On the average day I am not experiencing any drops on the switch. The Netgate 3100 is not reporting any errors on the interfaces.

stephenw10

Kea is only the server side for internal clients. It has nothing to do with the dhclient requests on WAN.

vdsadmin

@stephenw10

Understood. That is how I understand it as well. However, there are still entries in the DHCP log that reference the WAN DHCP server around the time of the WAN outage.

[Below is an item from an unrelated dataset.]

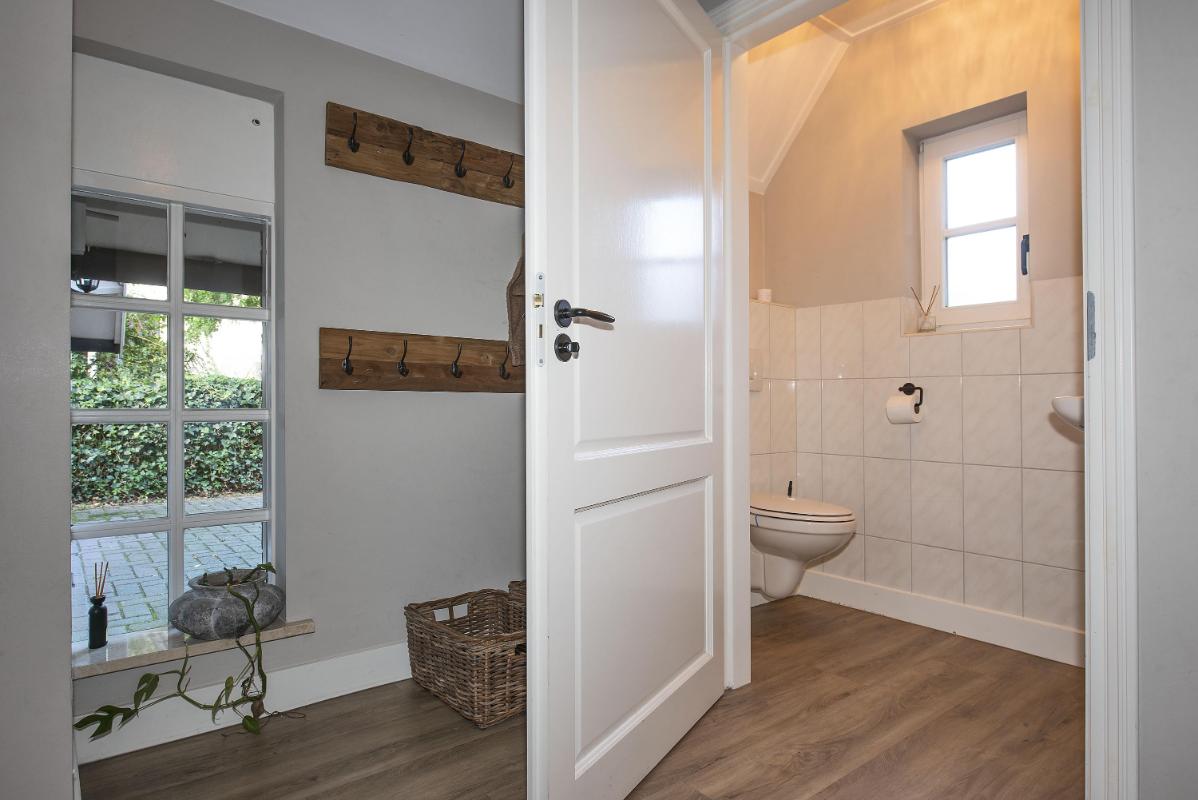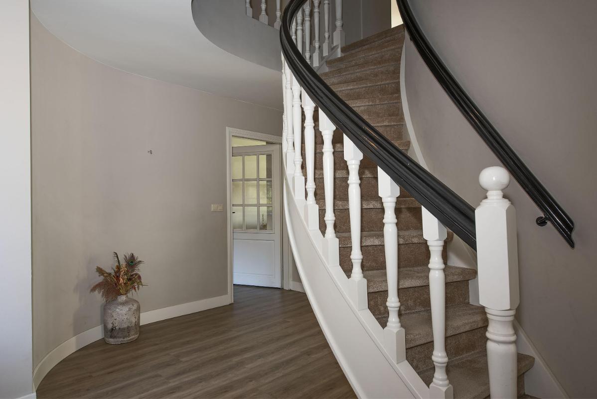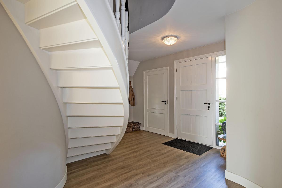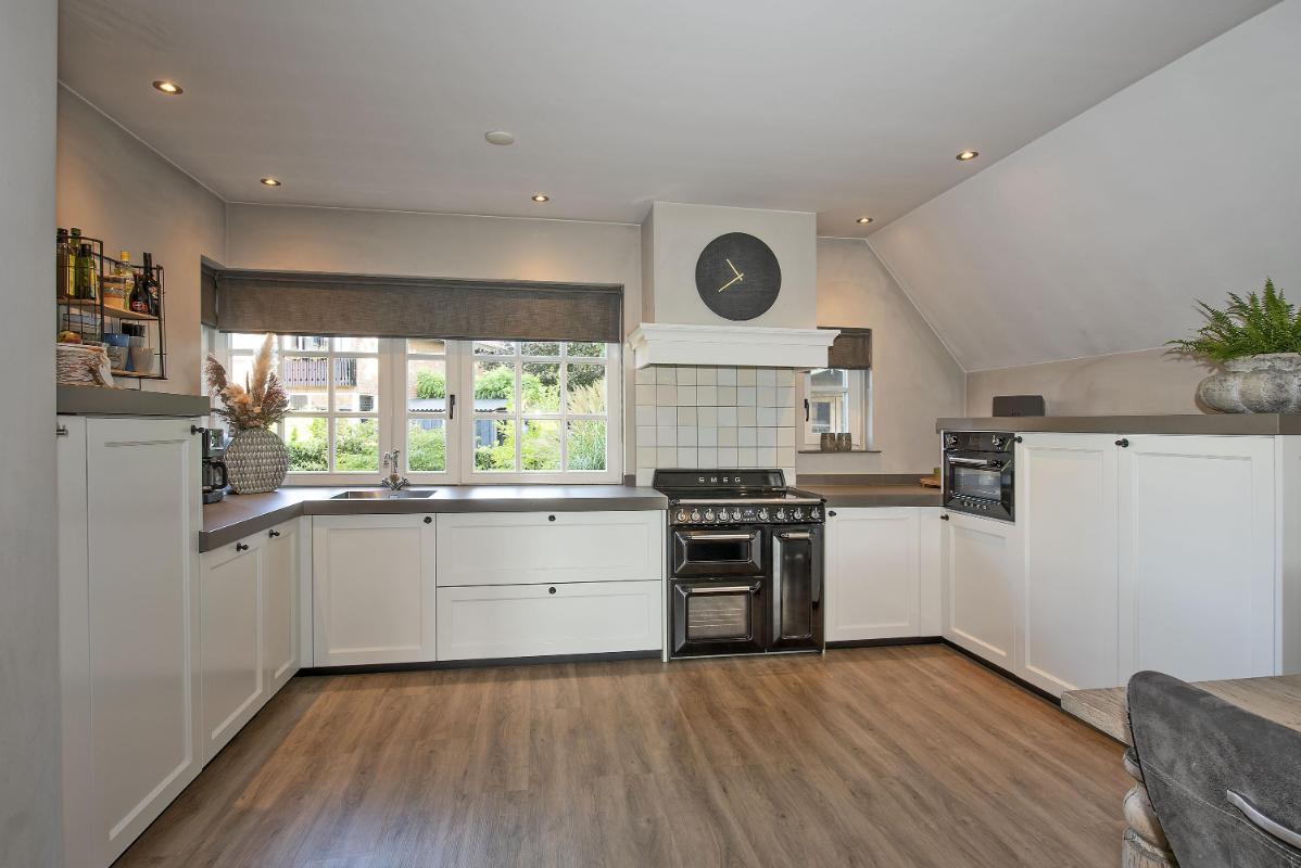 Sfeervol en veelzijdig Vanaf het moment dat je je eigen mini-erf oprijdt voel je al die landelijke sfeer. Welkom thuis! Bij binnenkomst via de royale entree met bijzonder fraaie trappartij voel je ook de allure van dit huis. Binnen proef je de landelijke sfeer die in elke ruimte is doorgetrokken: van de open keuken aan de voorzijde – uitgerust met stijlvolle Smeg-apparatuur – tot de woonkamer aan de achterzijde met uitzicht op de tuin. Een extra pluspunt: op de begane grond vind je een royale slaap- cq werkkamer met badkamer ensuite. Ideaal als levensloopbestendige optie of juist als comfortabele werkplek. De badkamer is compleet ingericht met ligbad, douche, toilet en wastafel.

This is a current entry in the DHCP log from a Netgate 4100 and ix3 is the WAN Interface. This particular system is still running Kea and is on a stable Spectrum connection and is not experiencing any outages.

Mar 21 09:39:22 dhclient 44939 bound to xxx.xxx.xxx.xxx -- renewal in 43200 seconds.
Mar 21 09:39:22 dhclient 75840 Creating resolv.conf
Mar 21 09:39:22 dhclient 74947 RENEW
Mar 21 09:39:22 dhclient 44939 DHCPACK from 142.254.150.237
Mar 21 09:39:22 dhclient 44939 DHCPREQUEST on ix3 to 142.254.150.237 port 67

I have no idea if Kea is the culprit. I am just raising it up in case there is an outside chance this could be the issue.

vdsadmin

@stephenw10

I will do that as soon as I am able.

stephenw10

It could be Kea via some affected process but not directly.

If dhclient shows failing to pull a new lease at release time then that's certainly a problem.